30 yıllık üretim ustalığı
Aston Martin, Jaguar Land Rover, McLaren ve Rolls Royce dahil olmak üzere sektördeki en iyi otomotiv markaları için bileşen üretimiyle, 30 yıl öncesine uzanan bir geçmişe sahip olan Aurrigo, 25 yıl önce herhangi bir ana akım elektrikli araç piyasaya sürülmeden önce, ilk yakıt hücreli elektrikli ve akülü araçlar üzerinde çalıştı. Coventry merkezli Tier 1 tedarikçisi, özellikle havacılık endüstrisinin karşılaştığı zorlukların üstesinden gelmek için yenilikçi, müşteri odaklı, otonom, elektrikli bagaj araçları oluşturmak için bu araç üretimini ve gelişmiş bileşen bilgisini ve yeteneğini kullanıyor.
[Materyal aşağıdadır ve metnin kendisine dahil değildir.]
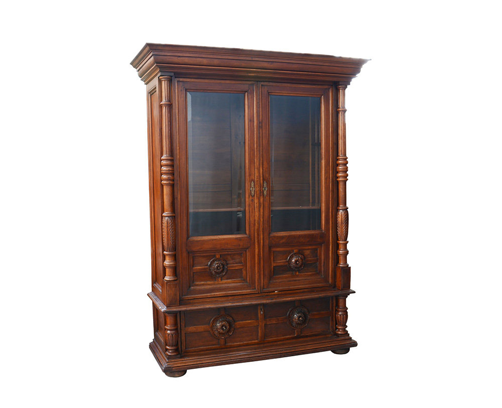 Armadio libreria con struttura architettonica in legno e decori ad intaglio. Parte superiore a due battenti con ante a vetri, parte inferiore con grande cassetto. Montanti a colonna e piedi a cipolla. Inizio sec. XX (cm 163x220x66)(lievi difetti)
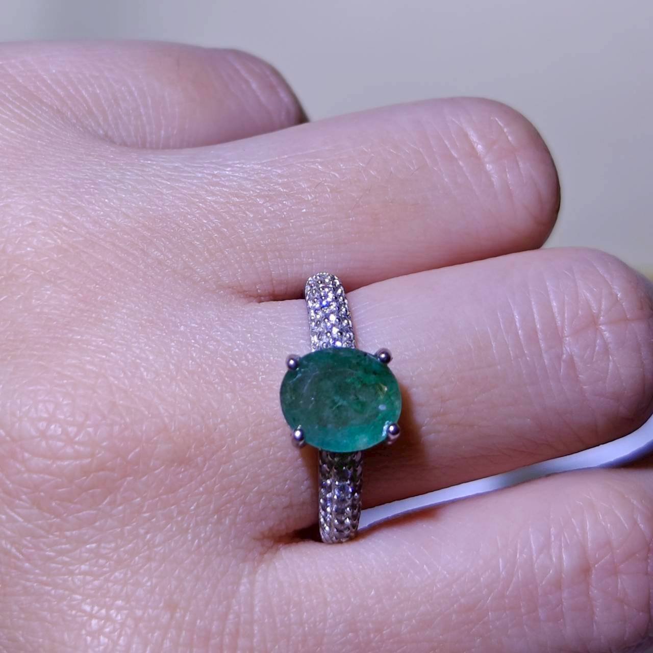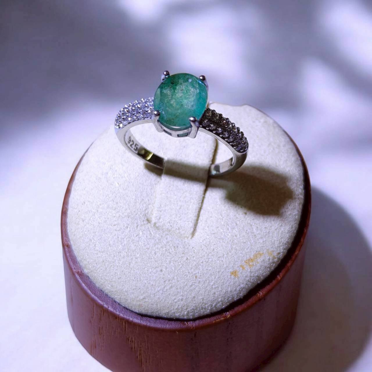 แหวนเงินประดับ/มรกต,เพชรรัสเซียตัวเรือน/เงิน92.5ไซส์แหวน/56 Fix size

Otomotiv deneyimlerinin havacılık bölümlerinde onlara nasıl yardımcı olduğunu yorumlayan Aurrigo CEO’su David Keene, şu ifadeleri kullandı: “Gerçek dünyada test edilen ve Changi Havaalanı ile ortaklığımızda sürekli olarak geliştirilen Auto-Dolly ve Auto-DollyTug’ların etkinliği; şirketimizin 30 yıllık geçmişinin ve üç bölümümüzde sahip olduğumuz benzersiz uzmanlık kombinasyonunun bir sonucudur. Köklerimiz, seçici ve prestijli markaların güvenilir bir tedarikçisi olduğumuz üst düzey otomotiv çözümleri, elektronik ve yazılımdadır. Son 8 yıldır otonom teknolojiyle yaptığımız çalışmalar, bu becerileri bir araya getirerek müşterilerimizin istediği ve daha da önemlisi bize küresel havacılık endüstrisi zorluklarını çözmeleri gerektiğini söylediği son teknoloji havacılık yer hizmetleri otonom EV’lerini yaratmak için bir araya getirdi.”